Le mot « censure » par exemple. Celui-là, on s’en sert beaucoup ces temps-ci, de la récente controverse dans l’affaire Mike Ward jusqu’à ce « scandale » cette semaine dans une école du Mile End à Montréal. Scandale, d’ailleurs, qui a fait tellement réagir la communauté des gens qui ont le privilège d’écrire dans les journaux que l’on aurait cru à une tempête hivernale. Dont il y aura certainement des échos à TLMP. Un parent (sic) a porté plainte contre un enseignement donné à sa fille de la chanson de Félix Leclerc, Les 100 000 façons de tuer un homme. Le scandale est venu non pas du fait que ce texte, trash avant la lettre, ait été donné à des enfants de 3e et 4e années, mais du fait que l’école « se couche devant le parent querelleur ». Et que « pour en effacer la trace, les élèves ont dû arracher (sic) de leur Duo-Tang la page sur laquelle [la chanson] était écrite pour la mettre à la poubelle… de recyclage » – on a le sens du politically correct chez les journalistes. Et ce journaliste qui rapporte dans le Journal de Montréal cet évènement scandaleux d’y aller non pas d’un mais de deux « À la poubelle, Félix ! À la poubelle ! » Ô scandale !

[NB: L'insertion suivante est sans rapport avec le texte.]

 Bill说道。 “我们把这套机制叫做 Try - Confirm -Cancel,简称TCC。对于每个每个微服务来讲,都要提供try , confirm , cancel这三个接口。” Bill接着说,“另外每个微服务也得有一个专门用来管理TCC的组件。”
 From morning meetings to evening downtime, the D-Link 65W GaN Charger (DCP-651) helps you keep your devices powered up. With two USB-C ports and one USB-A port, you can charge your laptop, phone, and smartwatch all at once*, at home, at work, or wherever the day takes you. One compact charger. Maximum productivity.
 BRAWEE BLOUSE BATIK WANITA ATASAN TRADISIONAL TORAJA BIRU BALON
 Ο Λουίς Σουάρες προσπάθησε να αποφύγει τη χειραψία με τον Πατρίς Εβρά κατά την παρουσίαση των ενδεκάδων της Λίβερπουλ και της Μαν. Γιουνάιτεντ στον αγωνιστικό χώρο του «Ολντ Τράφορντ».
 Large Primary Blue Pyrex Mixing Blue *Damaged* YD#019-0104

Or le scandale ne vient pas du texte profondément troublant pour un ou une enfant de 8 ou 9 ans mais bien de l’offense faite à « un classique de la chanson québécoise ». Inculture, censure, voilà les mots qui sont lancés et déclinés de moult façons à l’envi. On « proscrit les idées et la réflexion » peut-on lire dans Le Devoir dans un écrit d’un professeur de littérature au collège.

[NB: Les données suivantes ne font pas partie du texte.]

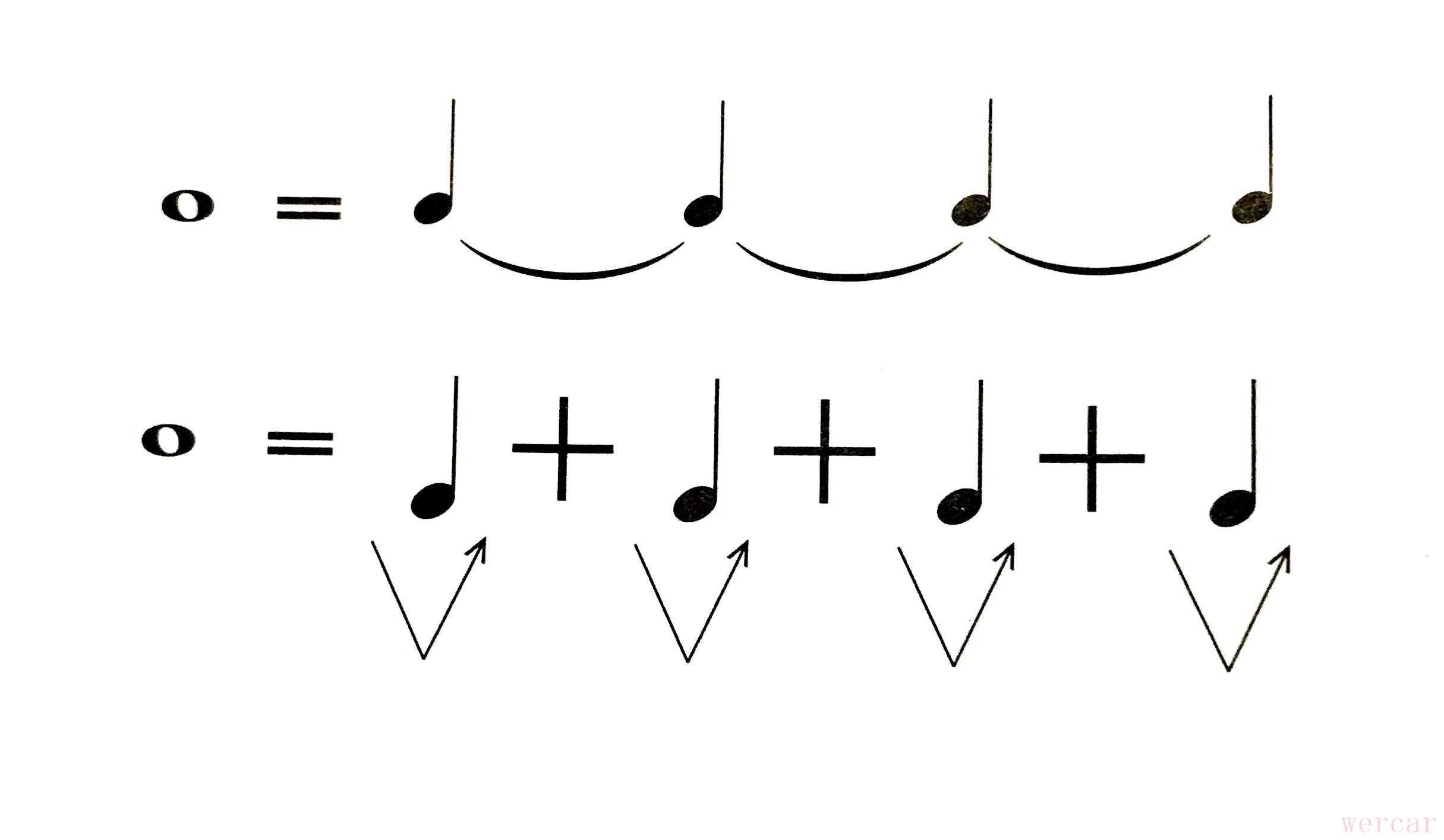 全音符的时值为4拍,由一个空心的符头构成。一个全音符跨越4拍,在读拍子时可以读成跨越4拍的一个音“大”,也可以读成“大、啊、啊、啊”4个音,用3个“啊”音作为第一个“大”音的延音,这样可以很好地理解一个音跨越拍子的时值存在,但是在音效上仍然是1个音。1个全音符的时值相当于4个四分音符时值的总和,在4/4拍中1个全音符的时值占满1小节。

C’est, je crois, oublier que la littérature s’adresse, comme le dit le grand Proust, moins à l’intelligence et à la réflexion qu’à la sensibilité et que la sensibilité d’un enfant de 8 et 9 ans est encore si fragile. C’est négliger aussi cette belle formule de Tocqueville qui rappelle que le premier défi de l’éducation c’est de « donner le goût de l’avenir ». C’est aussi ignorer que l’éducation vise d’abord, écrit Thomas De Koninck*, d’abord, à générer l’enthousiasme qui poussera les jeunes esprits à progresser d’eux-mêmes vers de nouvelles quêtes de savoirs, vers des questions « brûlantes et très concrètes » comme celles du sens de la vie et de la dignité humaine. Or le texte de la chanson litigieuse parle au premier degré de comment tuer des hommes**. Léger le texte ? À 9 ans, on ne blague pas sur ces graves propos. Propos qui restent près du cœur comme un amas de « savoirs oubliés »… mais qui laissent des traces…, des marques qui façonnent à notre insu notre personnalité, voire nos angoisses d’adolescents et d’adultes, dira de son côté Jacqueline de Romilly.

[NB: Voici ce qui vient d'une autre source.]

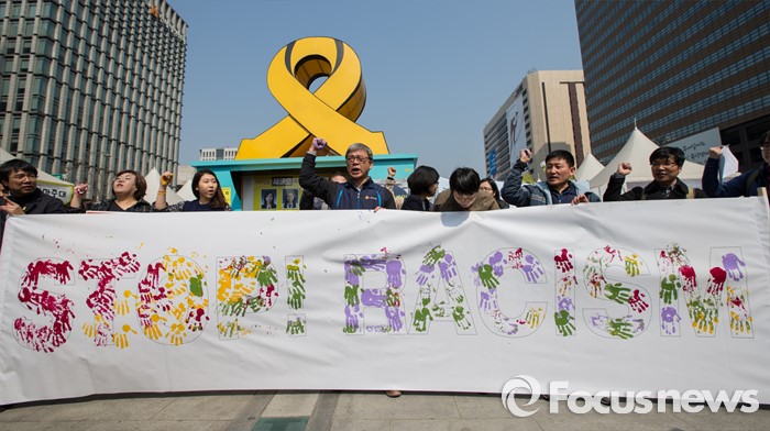 (서울=포커스뉴스) 21일 오전 서울 광화문 광장에서 열린 '세계인종차별철폐의 날 맞이 제 이주 인권 노동 사회단체 국제연대 공동 기자회견'에서 참석자들이 'STOP RACISM'(인종차별 금지)가 적힌 현수막과 함께 구호를 외치고 있다.
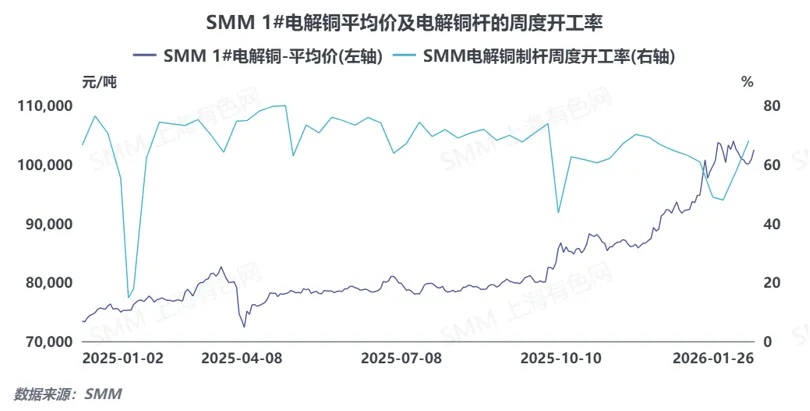2025年已收官,全年精铜杆行业随铜价走势持续震荡,行业运行节奏反复波动。回顾这一年,精铜杆企业开工表现呈现怎样的特征?市场对于2026年行业又有着怎样的展望?
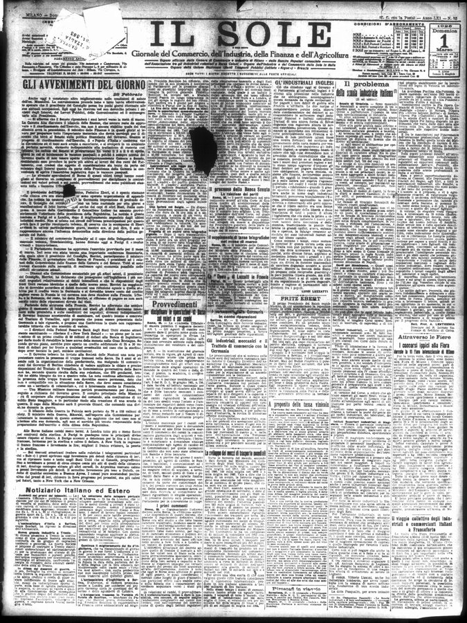 Il sole : giornale commerciale, agricolo, industriale... : organo ufficiale della Camera di commercio e industria di Milano ...
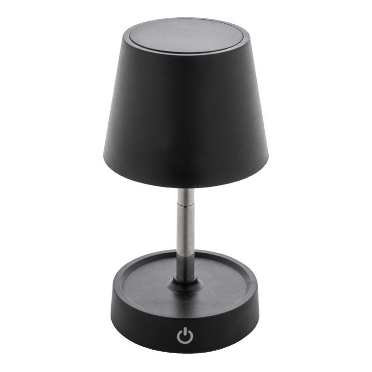 Lampada da tavolo telescopica in ABS riciclato con 12 LED, luminosità regolabile e batteria ricaricabile USB da 1200 mAh. Include cavo di ricarica USB.
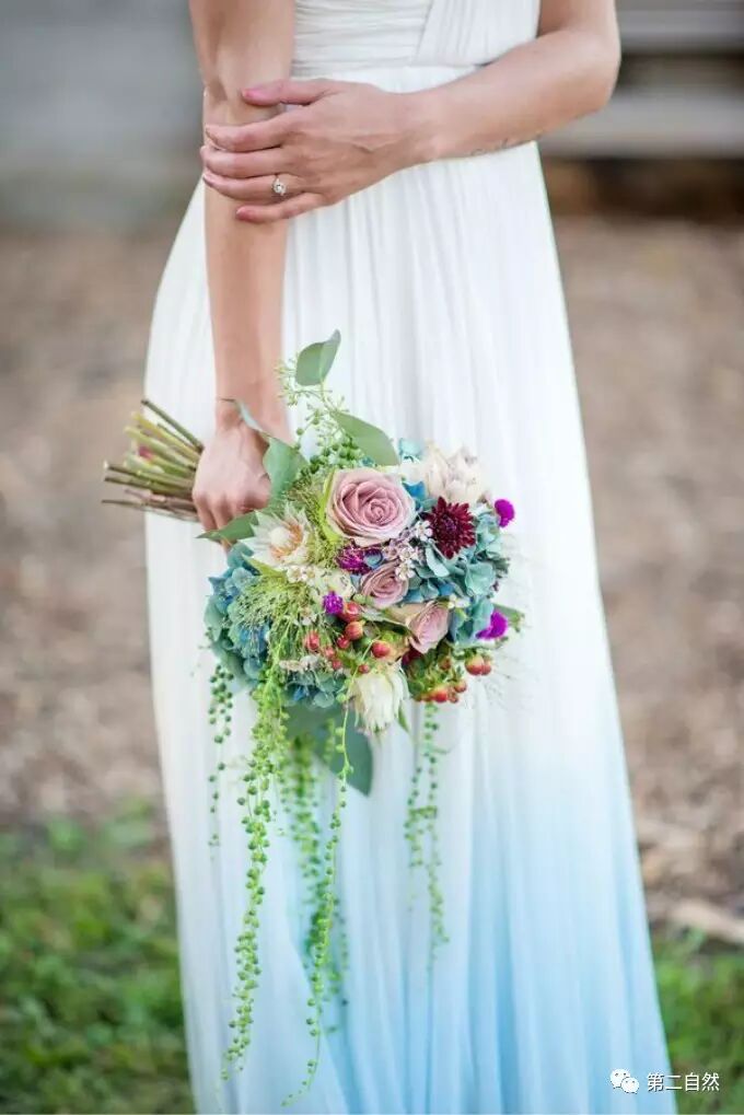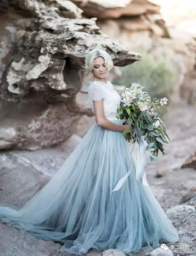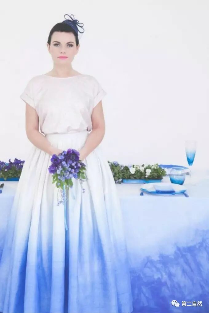 来自英国的新娘设计师 Lucy Scragg 钟爱大胆的亮色,将礼服手工浸染出渐变的蓝色,由明到暗,灵动的色彩尽显流水般的温柔。
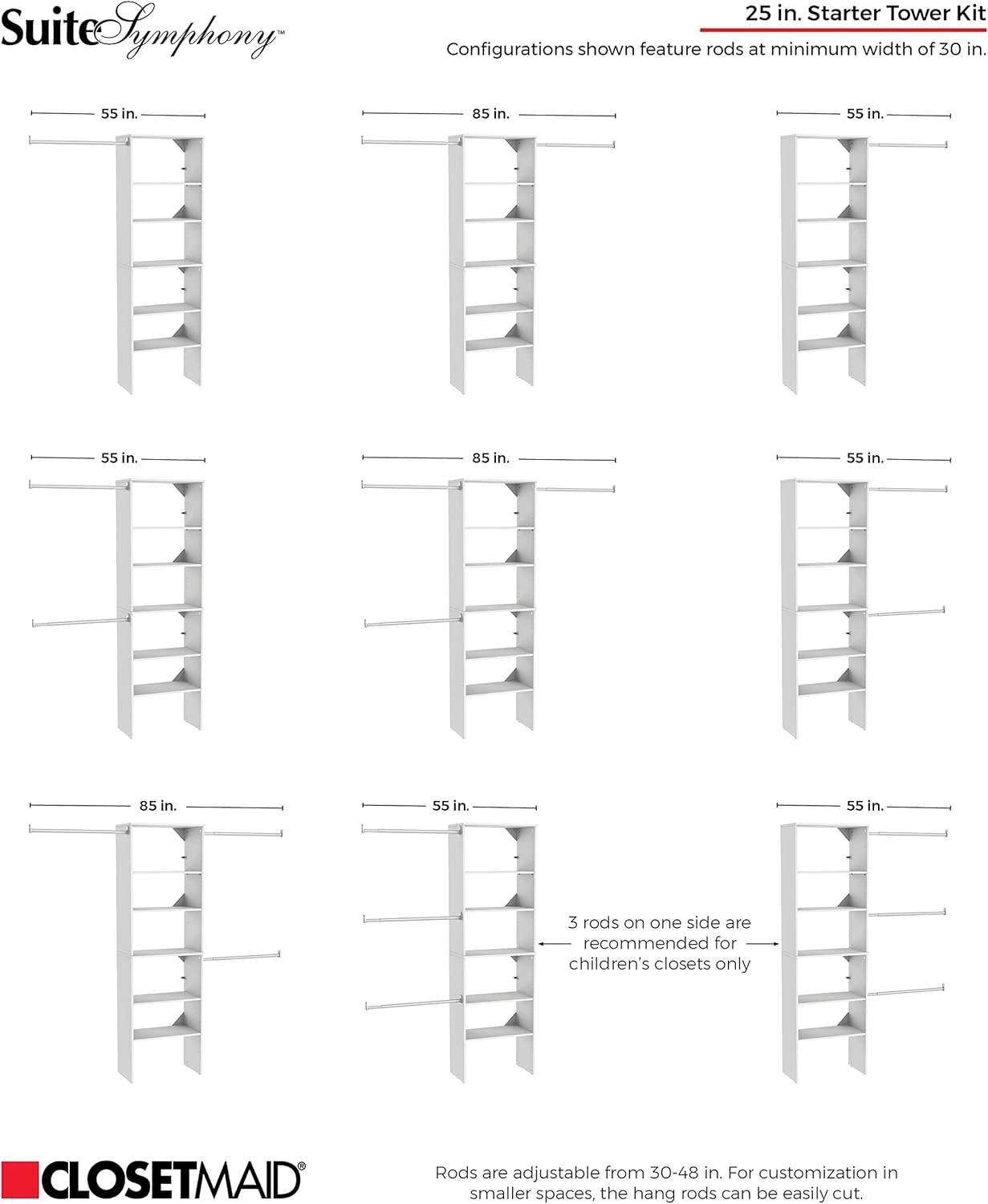 Transform your storage space with the ClosetMaid SuiteSymphony Wood Closet Organizer System, a versatile starter kit featuring adjustable shelves, three expandable hang rods, and a customizable tower. Perfect for reach-in or walk-in closets between 5 to 10 feet wide, this all-in-one system from ClosetMaid offers flexibility to suit any home organization need. Expand your setup with compatible add-on units or use the sturdy shelving alone for organizing clothes, shoes, and more. Easy to assemble with all hardware included, it's an ideal solution for creating a stylish, functional closet makeover.
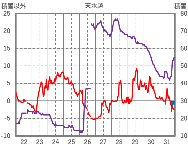 | 日 | 時 | 気温 | 降水 | 風向/風速 | 日照 | 積雪 | 降雪 |

Protéger la sensibilité d’un enfant de 9 ans, est-ce de la censure ? Permettre à un parent de refuser que son enfant subisse une telle violence émotive, est-ce de la censure ? est-ce de l’ingérence*** ? Qui sont donc ces ignorants qui ont ces gros mots à la bouche comme seules et uniques clés de lecture ? L’inculture ne serait-elle pas plutôt de ce côté ?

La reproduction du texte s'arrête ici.